* _DATASET RECORDS_
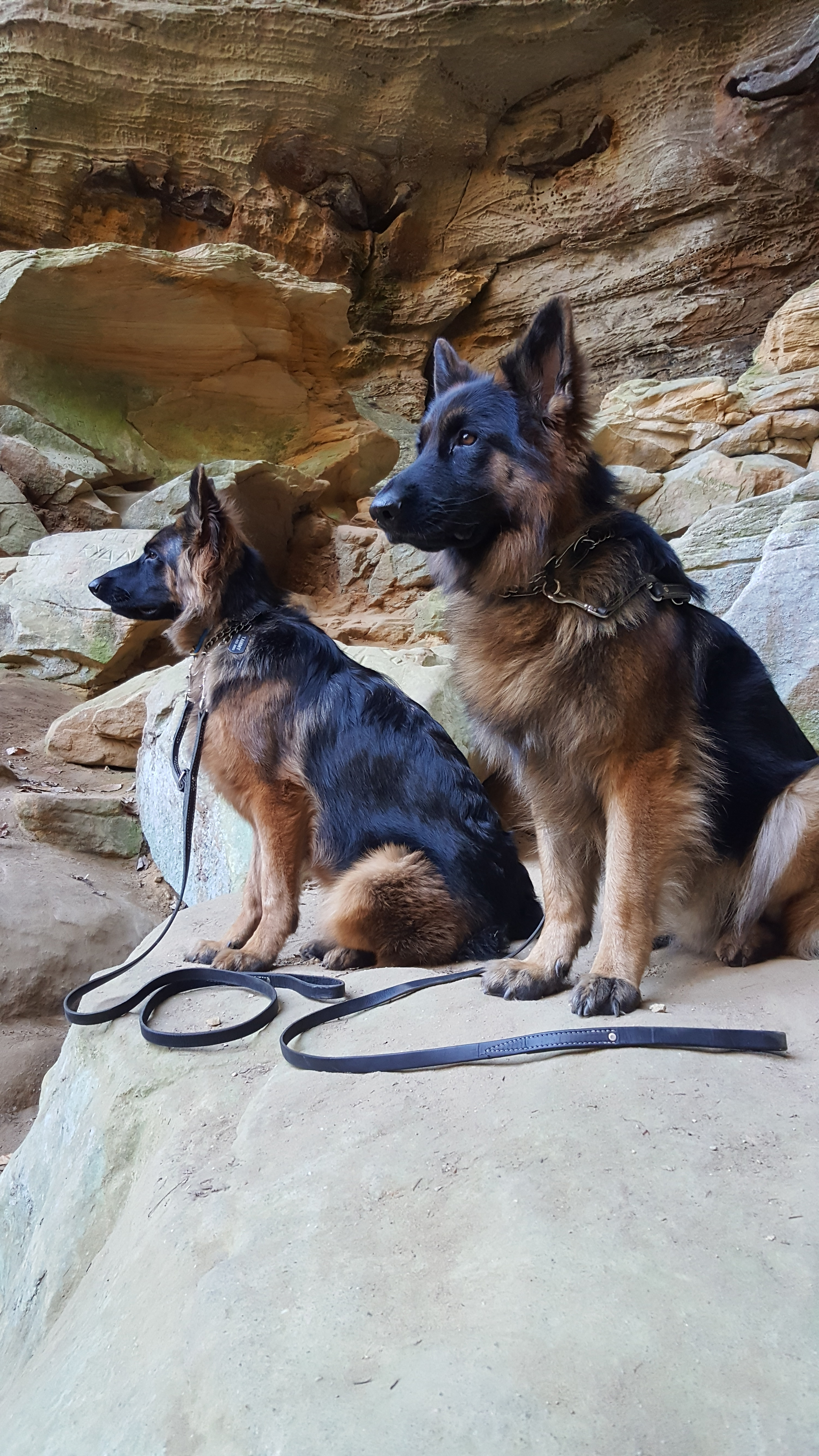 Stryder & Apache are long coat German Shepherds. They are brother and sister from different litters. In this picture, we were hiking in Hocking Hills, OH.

---

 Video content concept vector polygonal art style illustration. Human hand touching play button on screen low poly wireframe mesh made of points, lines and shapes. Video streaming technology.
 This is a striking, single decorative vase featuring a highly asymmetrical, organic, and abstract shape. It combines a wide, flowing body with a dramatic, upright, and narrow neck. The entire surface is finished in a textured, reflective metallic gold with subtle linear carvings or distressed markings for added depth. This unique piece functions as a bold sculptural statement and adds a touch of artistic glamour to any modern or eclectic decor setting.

---

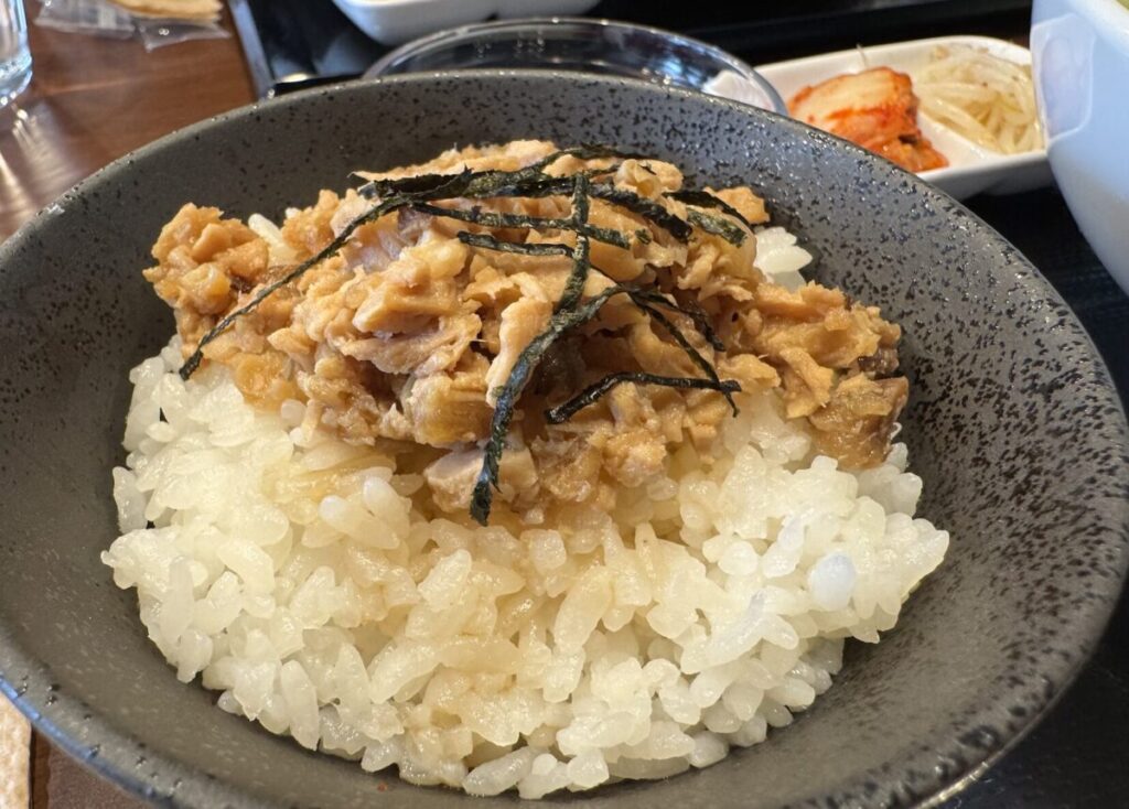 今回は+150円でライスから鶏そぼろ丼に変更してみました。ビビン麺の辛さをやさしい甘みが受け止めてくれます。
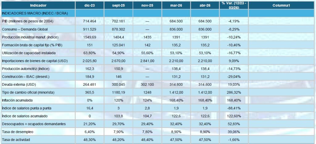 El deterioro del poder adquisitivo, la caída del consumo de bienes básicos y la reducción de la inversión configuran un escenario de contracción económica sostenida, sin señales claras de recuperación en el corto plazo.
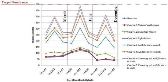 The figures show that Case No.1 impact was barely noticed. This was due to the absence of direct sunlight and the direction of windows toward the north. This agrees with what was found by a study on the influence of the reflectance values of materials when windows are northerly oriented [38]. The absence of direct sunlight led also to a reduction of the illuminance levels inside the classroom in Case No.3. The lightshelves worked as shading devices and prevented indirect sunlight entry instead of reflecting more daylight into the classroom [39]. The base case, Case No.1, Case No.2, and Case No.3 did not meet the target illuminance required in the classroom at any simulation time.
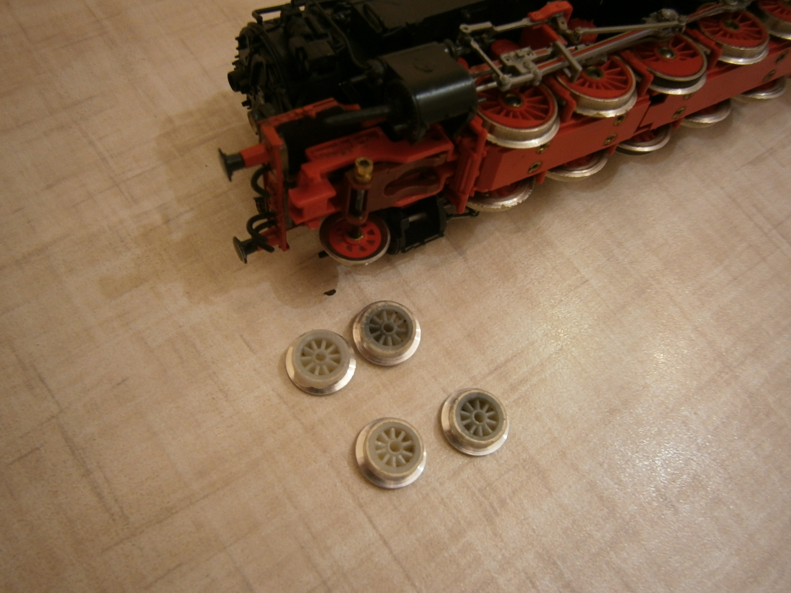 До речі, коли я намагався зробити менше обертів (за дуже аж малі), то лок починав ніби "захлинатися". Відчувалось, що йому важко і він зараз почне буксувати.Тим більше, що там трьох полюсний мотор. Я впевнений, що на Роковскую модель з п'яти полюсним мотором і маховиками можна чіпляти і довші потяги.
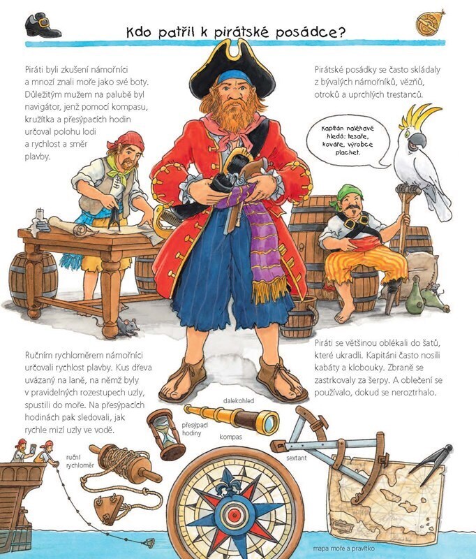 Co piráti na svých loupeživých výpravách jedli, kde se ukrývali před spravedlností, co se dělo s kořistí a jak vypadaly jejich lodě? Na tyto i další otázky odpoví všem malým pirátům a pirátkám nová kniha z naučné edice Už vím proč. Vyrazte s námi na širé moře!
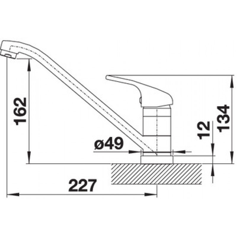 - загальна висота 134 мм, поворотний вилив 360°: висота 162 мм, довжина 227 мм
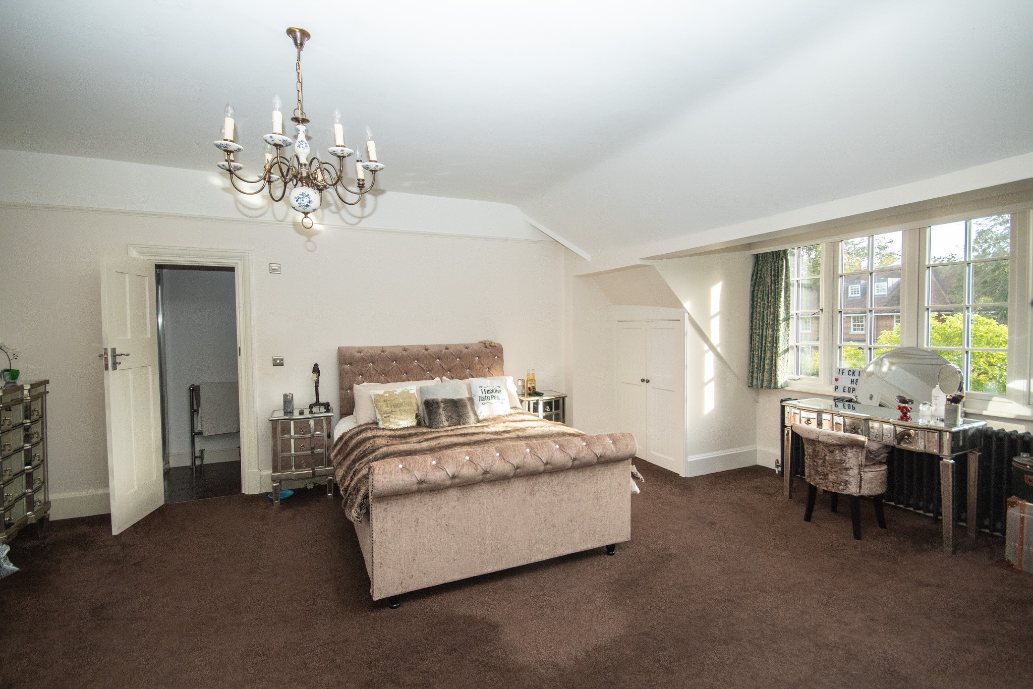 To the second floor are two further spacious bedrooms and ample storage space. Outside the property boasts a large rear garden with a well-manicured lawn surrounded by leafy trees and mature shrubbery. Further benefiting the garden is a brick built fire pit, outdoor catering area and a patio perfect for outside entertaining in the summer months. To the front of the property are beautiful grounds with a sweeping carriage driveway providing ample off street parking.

* _WORK TASK_
Starting at the line that has "Video content concept" and ending at the line that has "This is a striking, single", please write out the lines above exactly, leaving out all others.

* _YOUR SOLUTION_
 Video content concept vector polygonal art style illustration. Human hand touching play button on screen low poly wireframe mesh made of points, lines and shapes. Video streaming technology.
 This is a striking, single decorative vase featuring a highly asymmetrical, organic, and abstract shape. It combines a wide, flowing body with a dramatic, upright, and narrow neck. The entire surface is finished in a textured, reflective metallic gold with subtle linear carvings or distressed markings for added depth. This unique piece functions as a bold sculptural statement and adds a touch of artistic glamour to any modern or eclectic decor setting.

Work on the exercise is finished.